Another early marker is myoglobin, a small oxygen-binding protein found in both cardiac and skeletal muscle. Myoglobin levels rise very quickly within 1 to 2 hours after cardiac injury, peak between 6 and 9 hours and typically return to baseline within 24 hours. While myoglobin is highly sensitive for muscle injury, it lacks specificity for the heart because it is released in response to skeletal muscle damage as well. Therefore, it is often used in conjunction with other cardiac markers to provide a more accurate early diagnosis.

Markers like B-type Natriuretic Peptide (BNP) and its inactive precursor N-terminal proBNP (NT-proBNP) differ from the injury markers mentioned above. These peptides are hormones secreted by the heart in response to increased wall stress, often caused by heart failure. BNP and NT-proBNP levels correlate with the severity of ventricular dysfunction and are widely used to diagnose and assess acute congestive heart failure. Beyond diagnosis, elevated BNP and NT-proBNP levels serve as important prognostic indicators, helping to predict patient outcomes and guide treatment strategies in heart disease.

C-Reactive Protein (CRP) and its high-sensitivity variant (hs-CRP) serve as inflammatory markers that have been linked to cardiovascular risk. Although CRP is not specific to cardiac injury, elevated levels of hs-CRP suggest systemic inflammation, which plays a significant role in the development and progression of atherosclerosis and other heart diseases. Measuring hs-CRP can help evaluate the risk of future cardiovascular events, making it a useful tool in preventive cardiology.

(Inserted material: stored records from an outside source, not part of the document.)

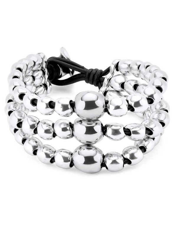 The UNOde50 Three Strand bracelet is the perfect piece for fuss-free stacking. It's handmade in Spain and features three rows of shiny silver-plated beads, each showcasing a larger central bead. This UNOde50 bracelet will uplift any look, whether worn with a t-shirt and jeans or your favourite going-out dress.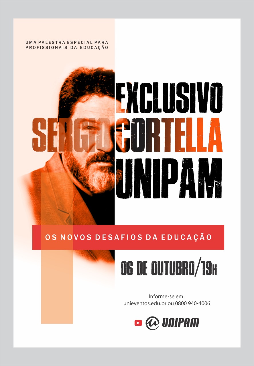 O Centro Universitário de Patos de Minas (UNIPAM) promoverá no dia 06 de outubro (terça-feira), às 19h, por meio do canal UNIPAM, no YouTube, uma palestra com Mário Sérgio Cortella.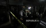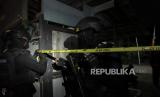 REPUBLIKA.CO.ID, BANYUMAS -- Petugas kepolisian memasang garis polisi di sekitar lokasi rumah warga yang hancur akibat ledakan di Desa Randegan, Kebasen, Banyumas, Jawa Tengah, Selasa (14/6/2022). Polisi masih melakukan olah TKP untuk menentukan sumber ledakan dan jenis bahan peledak yang menyebabkan satu orang meninggal serta dua rumah rusak.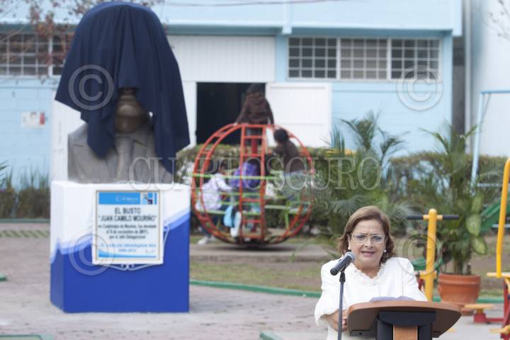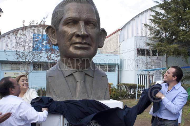 MÉXICO, D.F. 05NOVIEMBRE2011.- María de los Ángeles Terrazo, madre del desaparecido Juan Camilo Mouriño, y Carlos Orvañanos, delegado de Cuajimalpa, develaron un busto en memoria del ex-secretario de Gobernación, en el deportivo "Huizachito" de la delegación cuajimalpense. FOTO: MOISÉS PABLO/CUARTOSCURO.COM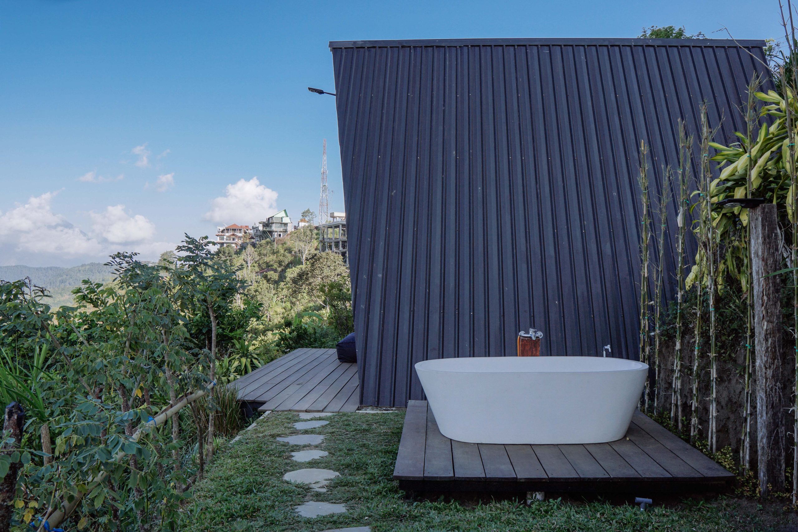 The true highlight awaits outdoors: a private open-air bathtub where you can soak in warm water while taking in the serene landscape and fresh mountain air. A peaceful retreat where simplicity, warmth, and nature come together.

Clinically, cardiac markers, especially troponins, are invaluable in distinguishing between unstable angina and myocardial infarction. Elevated troponin or BNP levels identify patients who are at higher risk of adverse cardiac events, informing decisions about aggressive treatment, hospitalization, or closer monitoring. Repeated measurements of these markers help track the effectiveness of interventions such as thrombolysis, angioplasty, or cardiac surgery. Additionally, a second rise in CK-MB or troponin after initial normalization may indicate reinfarction, necessitating urgent medical attention.

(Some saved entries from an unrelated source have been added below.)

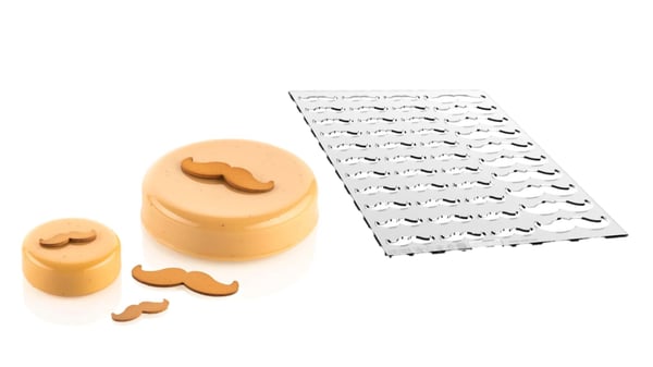 Текстурований силіконовий килимок-трафарет CHABLON MUSTACHE від Silikomart призначений для створення заготовок з унікальних прикрас з айсингу, шоколаду та мастики як деталь-завершення композиції десерту. Він ідеально підходить для прикрашання тортів, капкейків, морозива, мусу, хліба тощо, надаючи кондитерам можливість реалізувати найсміливіші творчі задуми. Для зручності, трафарет має два розміри фігурки: 3,9 х 1,2 та 7 х 2,1 см.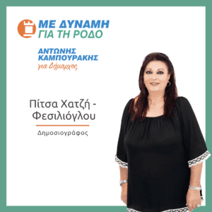 «Ως ενεργή πολίτης, θεωρώ απαραίτητη τη συμμετοχή μου στις Δημοτικές εκλογές, παρά τη στείρα κριτική από τον καναπέ του σπιτιού μου. Συμμετέχω στο συνδυασμό «Με Δύναμη Για τη Ρόδο», με τον Αντώνη Καμπουράκη, γιατί εκτός του ότι θέλει, είμαι βέβαιη ότι μπορεί να δώσει στο νησί μας, την αίγλη και τη λάμψη που του αξίζει.»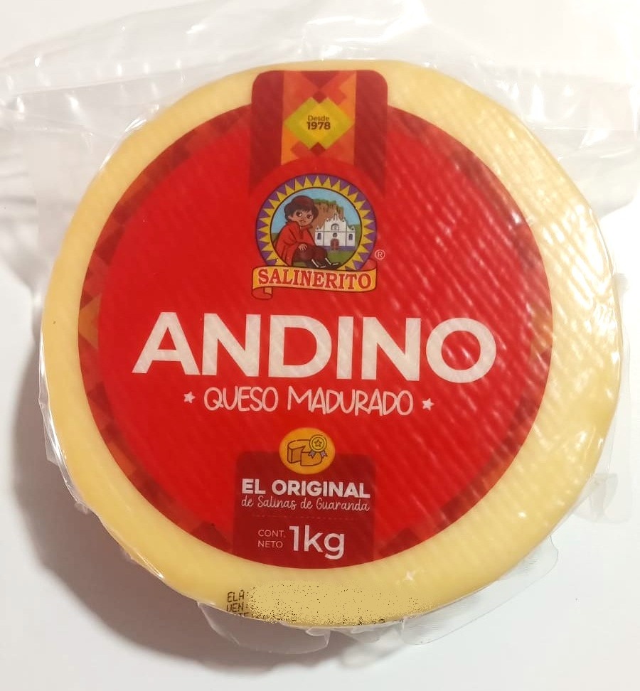 El queso andino madurado es un delicioso queso tradicional de mesa especialmente de la sierra ecuatoriana. Se caracteriza por su sabor suave, textura firme y a veces elástica, y un aroma agradable. Disponible en presentación de 1kg (imagen).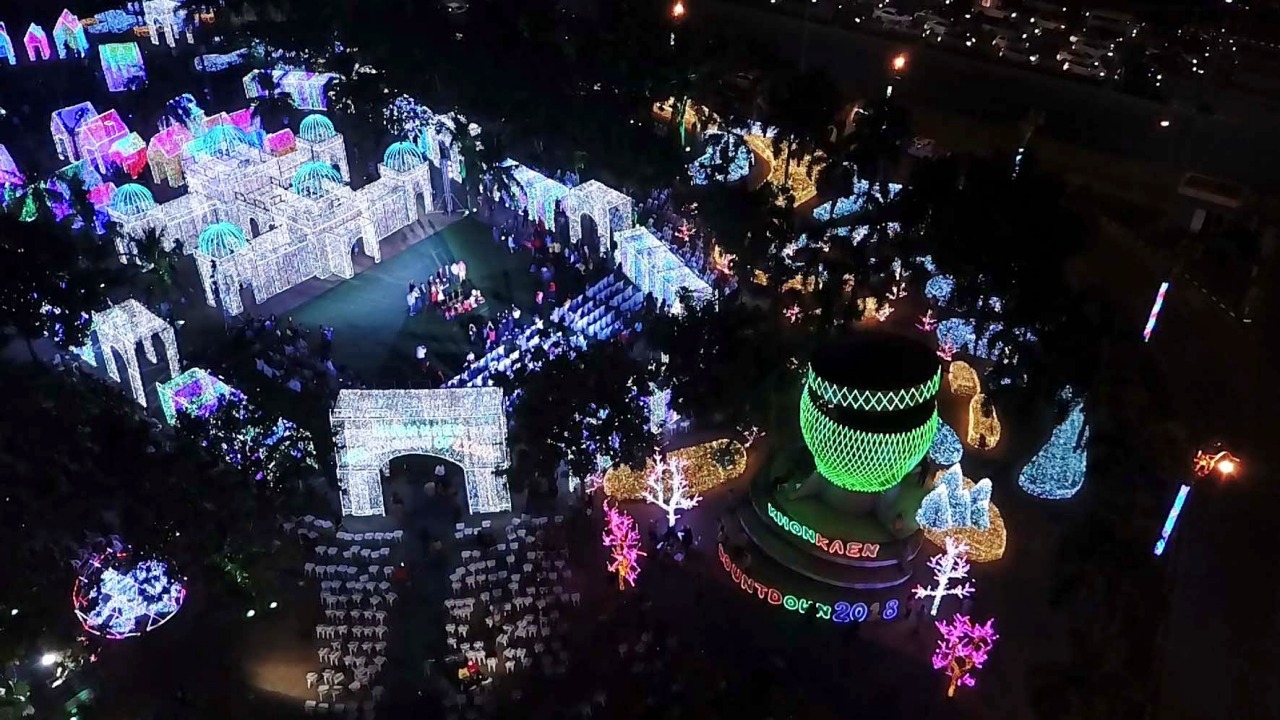 เปิดแล้ว สวนเรืองแสงสุดอลังการ ภายใต้แนวคิด เบิกบานทั่วหล้า ด้วยไฟแสงสีกว่า 100,000 ชุด รองรับนักท่องเที่ยวที่จะมาร่วมงานเคาท์ดาวน์ 2018 พร้อมโชว์การแสดงแสงไฟประกอบจังหวะเพลง ไลท์แอนด์ซาวด์ “KhonKaen The Kingdom of Linght” วันละ 2 รอบ.

Despite their strengths, cardiac markers are not without limitations. False positives can arise in conditions unrelated to direct cardiac injury, including renal failure, sepsis, or pulmonary embolism. The timing of blood sample collection is also critical, as early sampling may fail to detect elevated levels that rise hours after the injury. Consequently, cardiac marker levels should always be interpreted alongside clinical symptoms, Electrocardiogram (ECG) findings and patient history to ensure accurate diagnosis and appropriate management.

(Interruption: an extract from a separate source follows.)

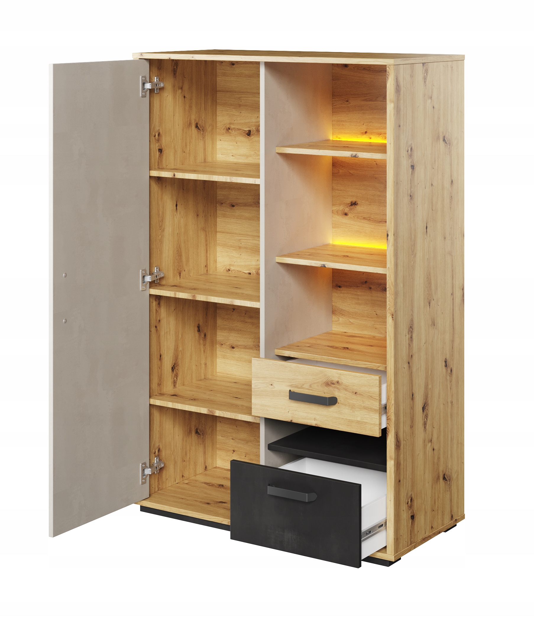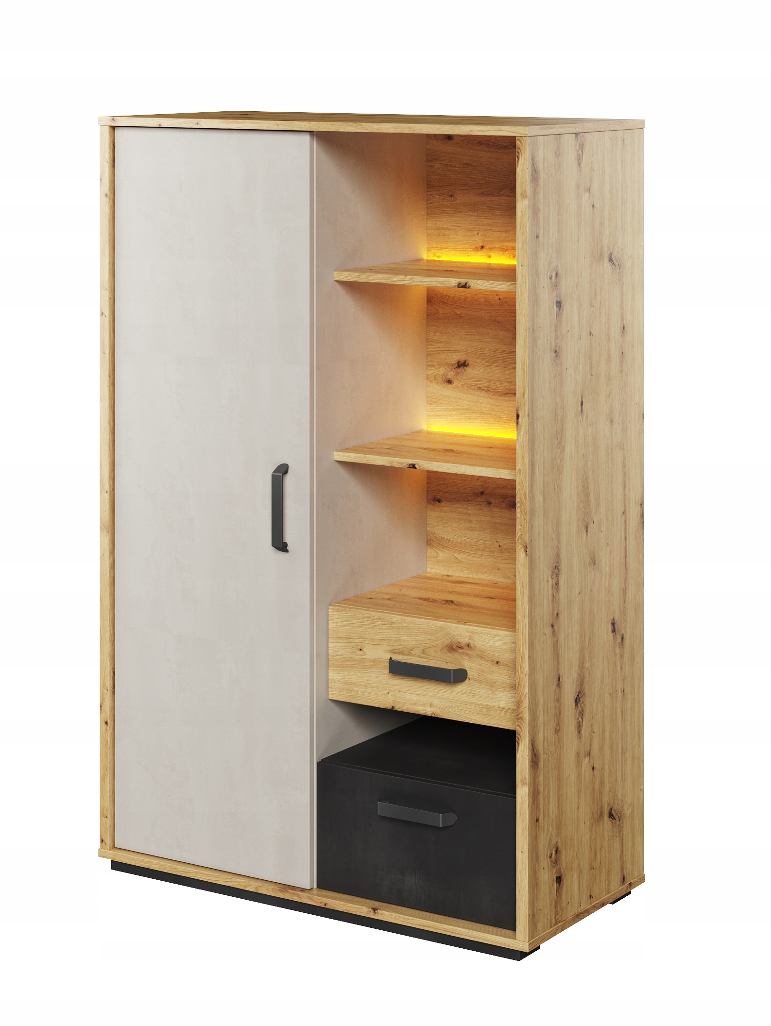 Завдяки цікавому поєднанню універсальних кольорів, ця система буде працювати як у кімнатах для дівчат, так і хлопців. Матові сірі фронти в поєднанні з декором теплої деревини та побудованого клімату -у світлодіодному освітленні змінить будь -який інтер’єр.

The evolution of high-sensitivity troponin assays has significantly transformed cardiac diagnostics by enabling the detection of even minor myocardial injury. Researchers are continuing to explore novel biomarkers such as copeptin, Heart-type Fatty Acid-Binding Protein (H-FABP) and microRNAs. These emerging markers hold promise for improving diagnostic accuracy and enhancing prognostic assessments, potentially allowing clinicians to better tailor treatments and improve patient outcomes.